First, the momentum in most of Alibaba’s business segments (via its own operations or by investment) remains strong. Social media, e-commerce, cloud-computing and electronic transactions are all doing really well. Don’t take my word for it. Look at Microsoft Corporation (NASDAQ:MSFT), Alphabet Inc (NASDAQ:GOOGL, NASDAQ:GOOG), Netflix, Inc. (NASDAQ:NFLX), PayPal Holdings Inc (NASDAQ:PYPL) and Amazon.com, Inc. (NASDAQ:AMZN).

All of these companies are having strong quarters and show strong underlying trends going forward. Their stock’s reflect that outlook as a result. Alibaba’s stock did too by popping higher — well, initially — as its quarterly results were good.

Further, I thought the lead-up to Single’s Day on Nov. 11 would help BABA stock more. Admittedly though, Alibaba stock is up more than 100% so far for 2017, so perhaps this event is having a more muted impact. With a few days to go, maybe that will change for the better.

Alibaba’s Momentum

The company’s earnings report was very impressive. Earnings of $1.29 per share came in almost 25% above analysts’ $1.03 per share estimate. Revenue beat expectations while soaring more than 60% year-over-year (YoY). Show me another $475 billion market cap company growing its sales at more than 60% — I’ll wait.

The momentum here is simply jaw dropping.

Analysts see that growth slowing, but not by a whole lot. They expect revenue growth of 49.5% in fiscal 2018. Incidentally, that’s at the low end of the 49% to 53% range management provided last quarter. In essence, BABA still has the potential to beat those estimates going forward.
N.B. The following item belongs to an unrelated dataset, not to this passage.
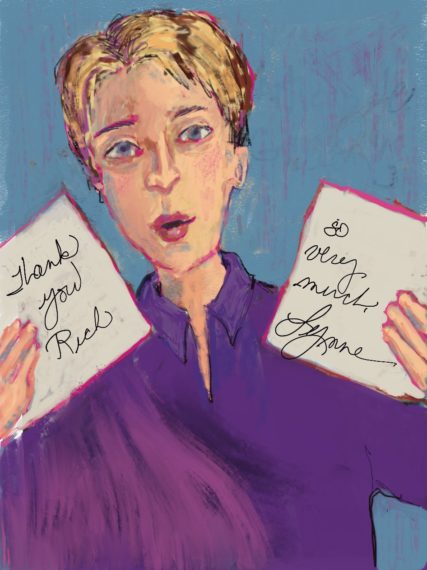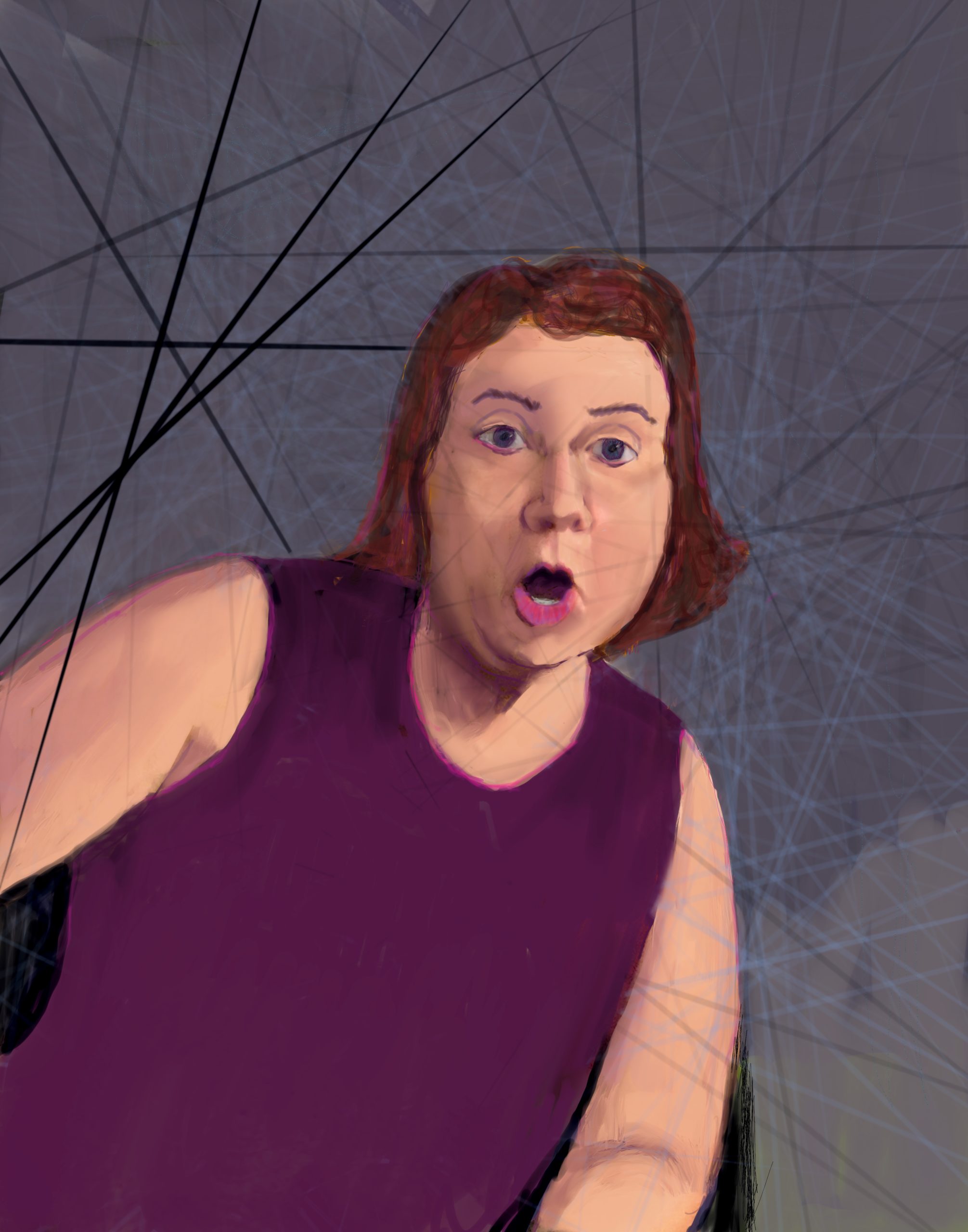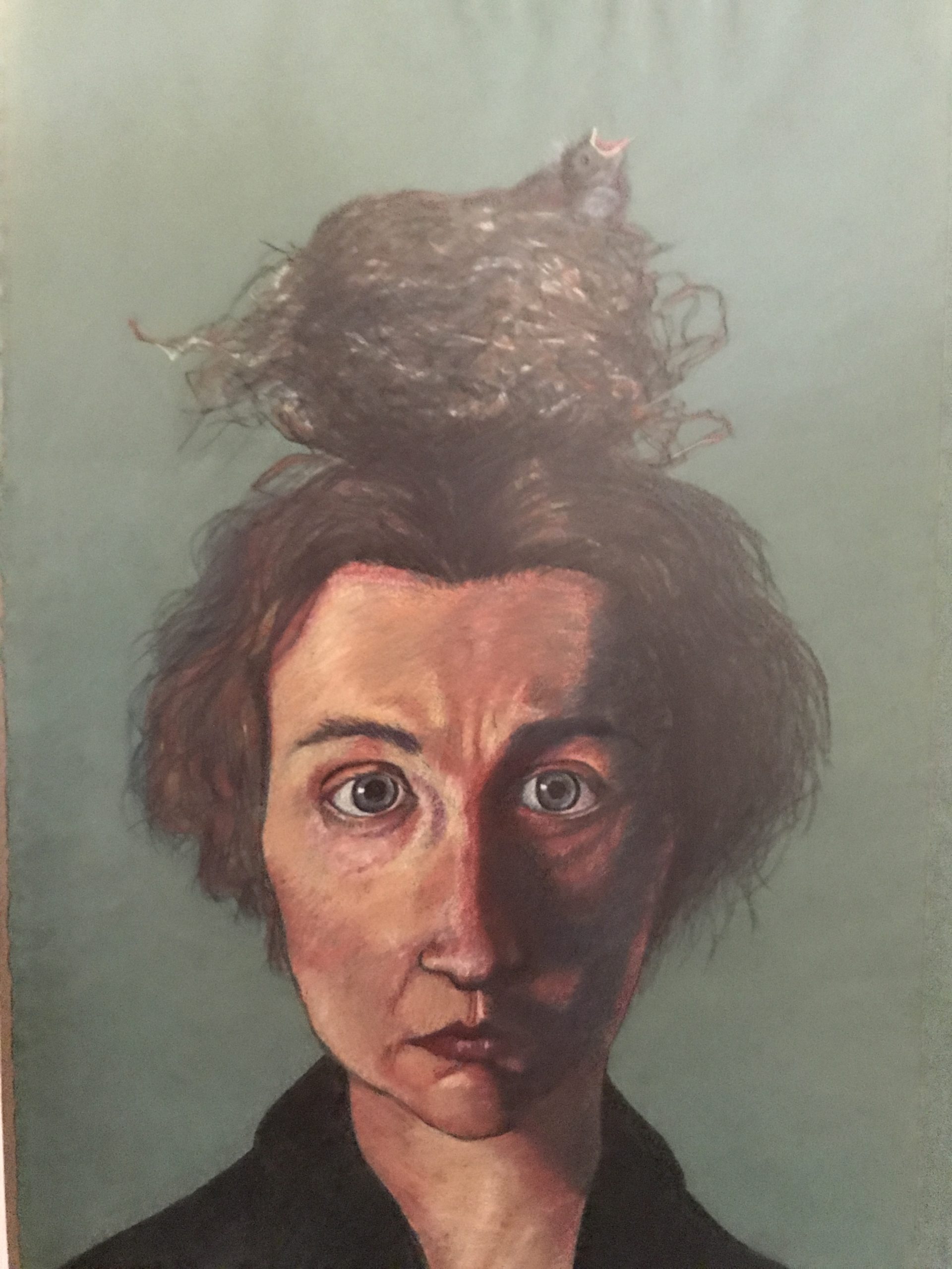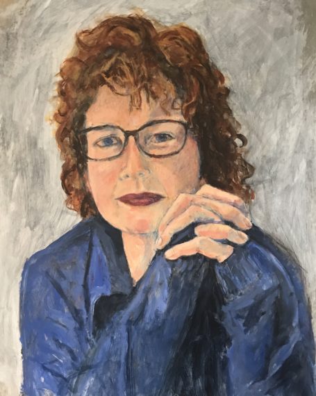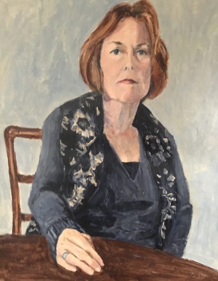Current Show 27″ x 35″ Acrylic on raw linen Resting Bitch Face Current Show: False Hope Syndrome She never backed down to a banty rooster Acrylic on raw linen 27″x 35″

On the earnings front, analysts are looking for 38% growth this year and 34% next year. BABA stock may trade at 63 times trailing estimates — but don’t bail on this article on that alone! It trades at a far more reasonable 28.5 times forward earnings estimates.

Certainly not cheap, but far from being vastly overvalued given its impressive earnings growth. Particularly compared to GOOGL at 26 times forward earnings and 29% growth next year or Microsoft’s 23 times forward estimates and 11.3% growth. AMZN stock trades with a forward price-to-earnings ratio of 141, but its earnings-based valuation has never been reasonable. At least BABA’s is. And for the record, I have been bullish on some of these stocks too.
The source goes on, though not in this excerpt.